Lucan versuchte das Kinn zu heben, doch die Axt ließ ihn nicht los. Durch zusammengepresste Zähne antwortete er: „Ich weiß nicht – wo er sich aufhält!“

Es lief nicht gut mit seiner Gegnerin. Lucan fragte sich, warum er nicht nach Azeroth zurückglitt, so wie stets in der Vergangenheit.

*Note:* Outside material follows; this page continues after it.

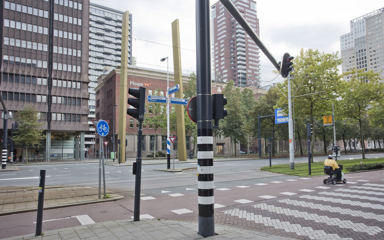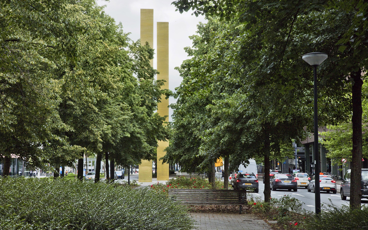 Na de jaren 1940 en 1950, waarin de wederopbouw centraal stond, kwam er een kentering in de jaren 1970: Rotterdam richtte zich op de recreatieve functie. De Blaak zou een gebied worden waarin zowel geflaneerd kon worden door voetgangers, als waar autoverkeer zich kon verplaatsen. Een brede middenberm zou als voetgangersgebied functioneren. Van deze plannen werd later afgezien, maar het voorstel om een kunstwerk te plaatsen werd wel uitgevoerd: de keuze viel op beeldend kunstenaar Lon Pennock om een kunstwerk te ontwerpen. Pennock had lesgegeven aan de Academie van Beeldende Kunsten aan de Blaak 10 en was zodoende vertrouwd met de omgeving. In 1984 werd het beeld The River geplaatst. Twee langwerpige stroken ijzer accentueren de hoogte van 20 meter, staand op de lengte-as van de Blaak en vormen een poort voor voetgangers die de Blaak oversteken. De twee elementen vormen een opvallende verticale bijdrage aan de stedelijkheid van het gebied. Ze doen denken aan obelisken of pilaren in een strakke moderne vormgeving. De beide delen hellen licht voorover, waardoor het beeld spanning krijgt. Door de komst van de Markthal in 2014 veranderde de verkeerssituatie rondom het beeld: er moest een ‘links-af’ komen richting de parkeergarage onder de Markthal. Vanwege de veranderde omgeving van het beeld werd er in samenspraak met de kunstenaar besloten het werk te veranderen van ‘kleur’, zodat het niet weg zou vallen in de gehele entourage. Daarom heeft The River sinds 2013 een goudtint.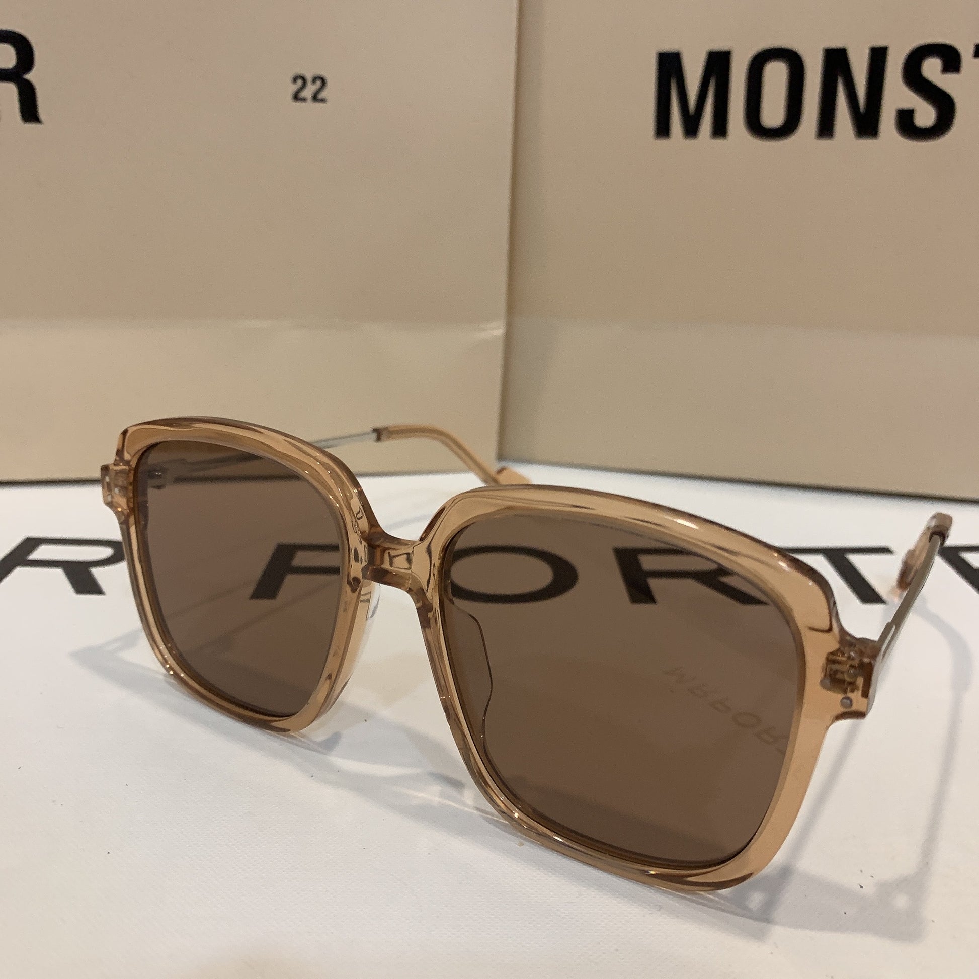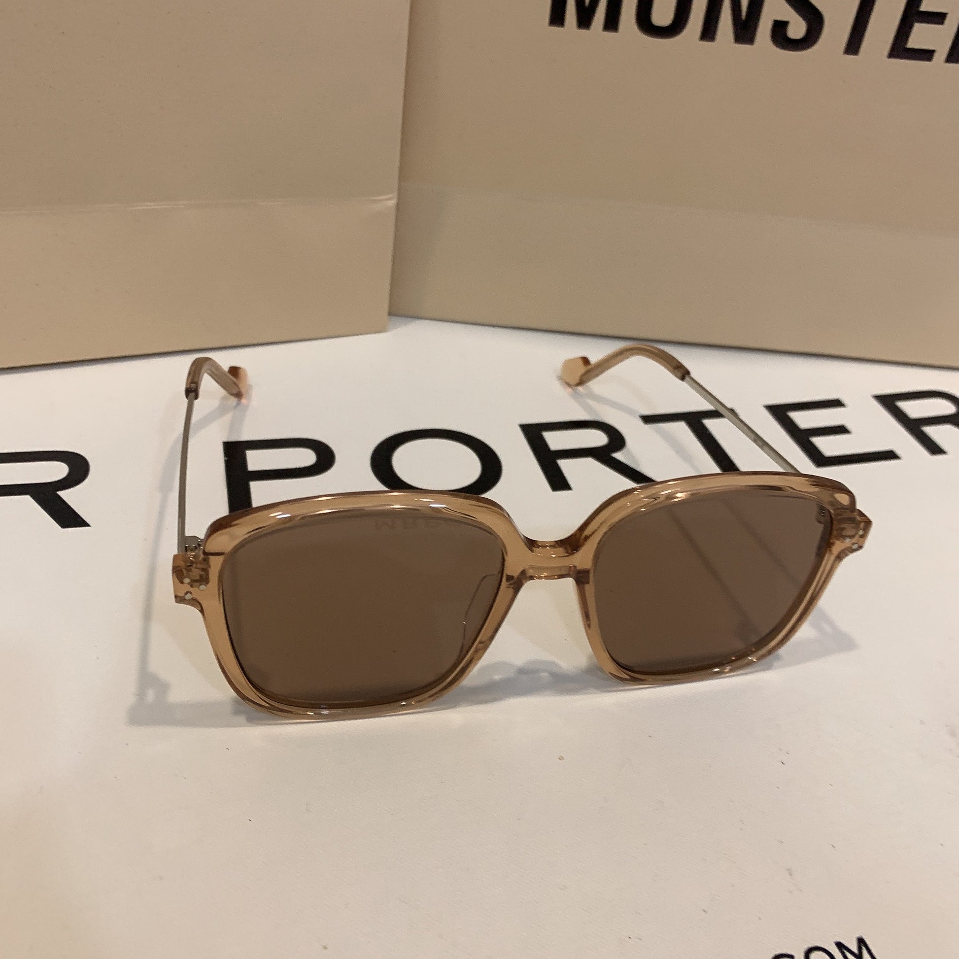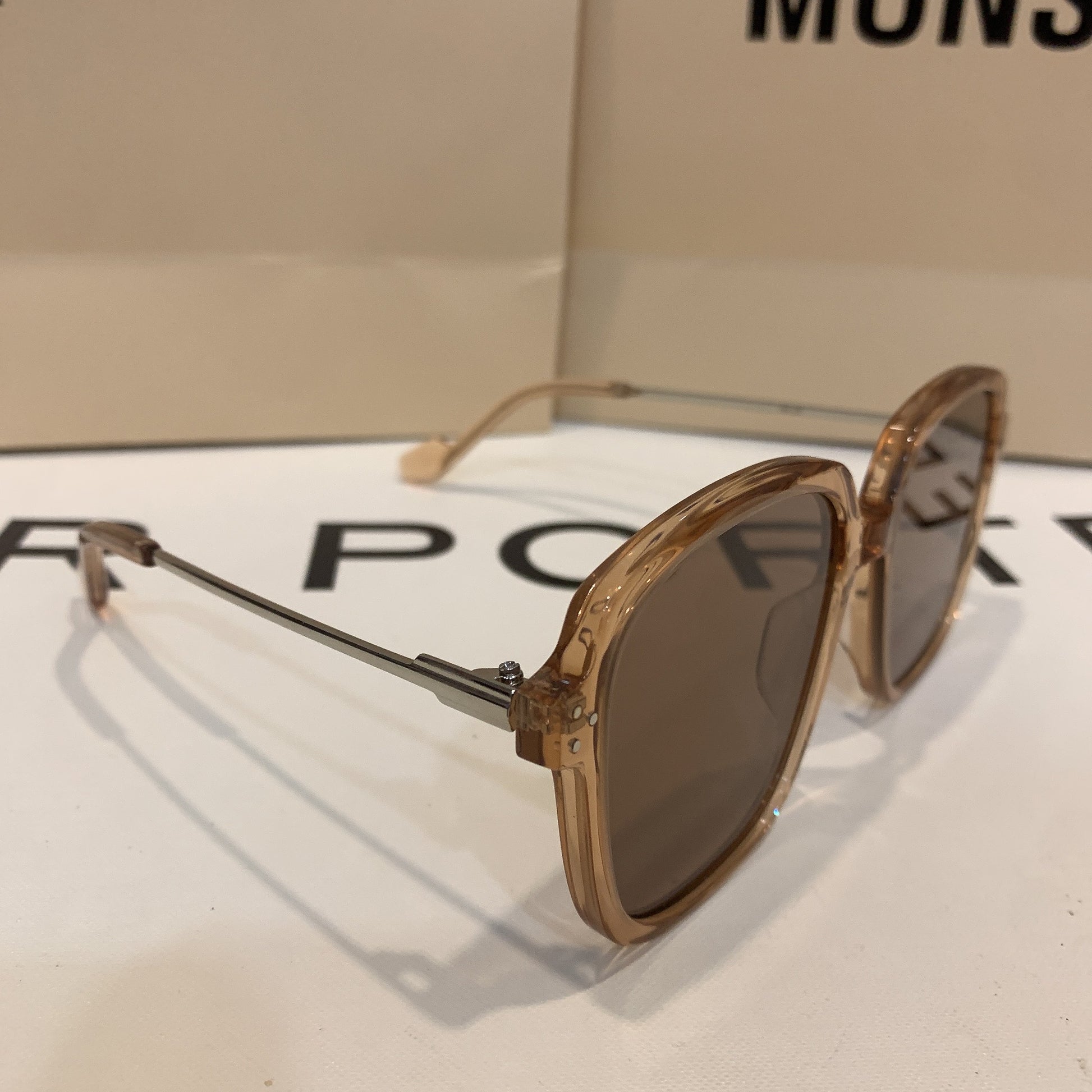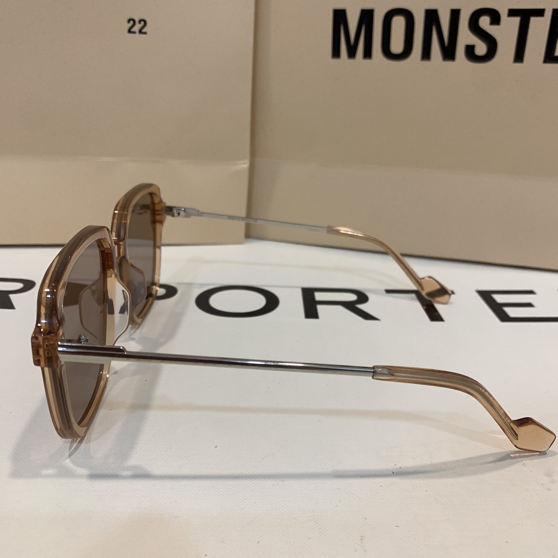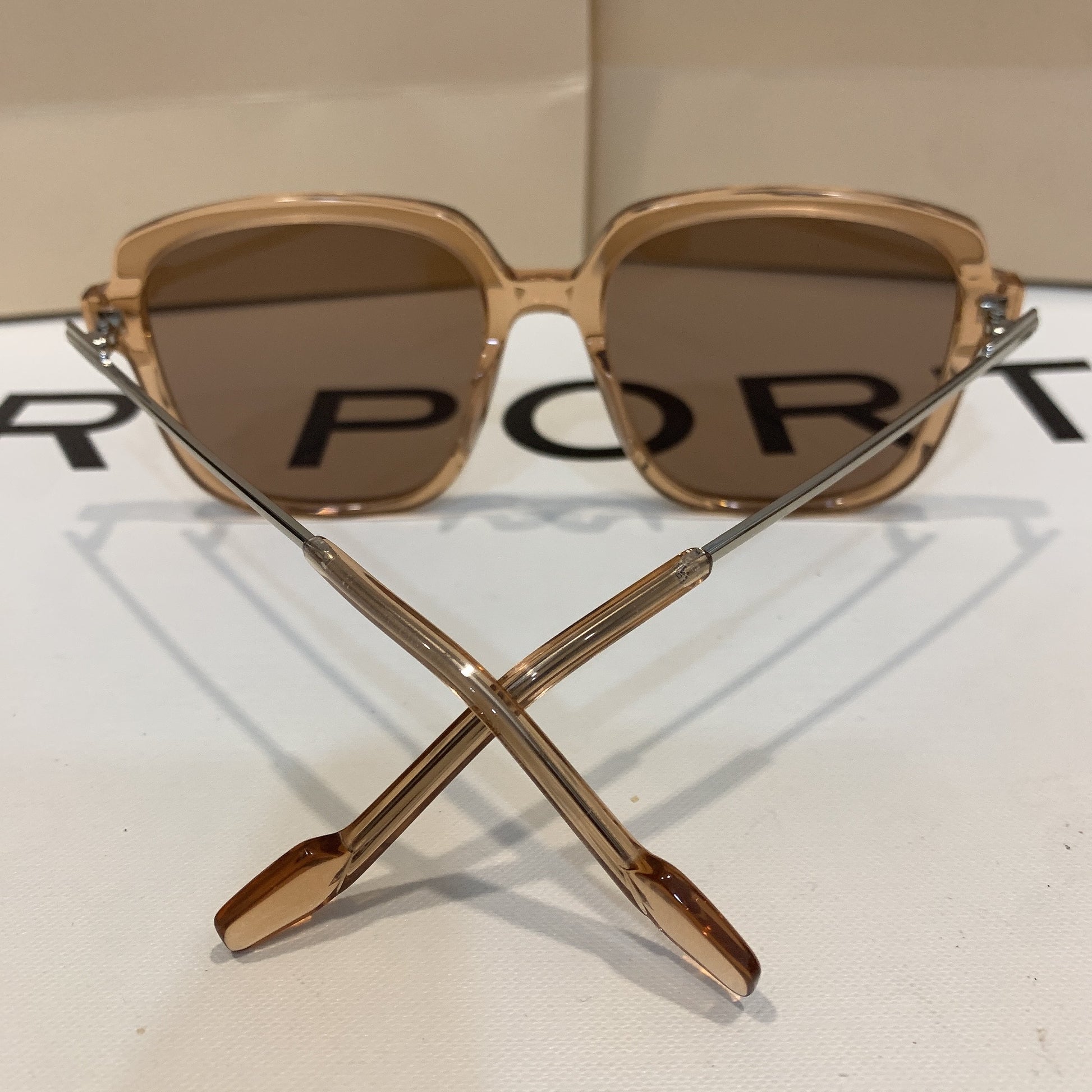 Millie BRC1 is a clear brown frame crafted of acetate and metal. The endpiece is accentuated with three circular studs, complemented by uniquely shaped temple tips and 99.9% UV protected brown lenses.

Er konzentrierte sich... aber nichts geschah, mit Ausnahme, dass die Orcfrau den Axtkopf nun fester unter sein Kinn presste.

„Du weißt schon! Die Vision hat es mir in der letzten Nacht verraten! Ich habe dich dort gesehen, als er den großen und treuen Brox erschlug...“

„Ich weiß... nicht, was du wi...“ Er hörte auf, als ein stechendes Gefühl unter seinem Kinn ihm verriet, dass die Axt ihn geschnitten hatte.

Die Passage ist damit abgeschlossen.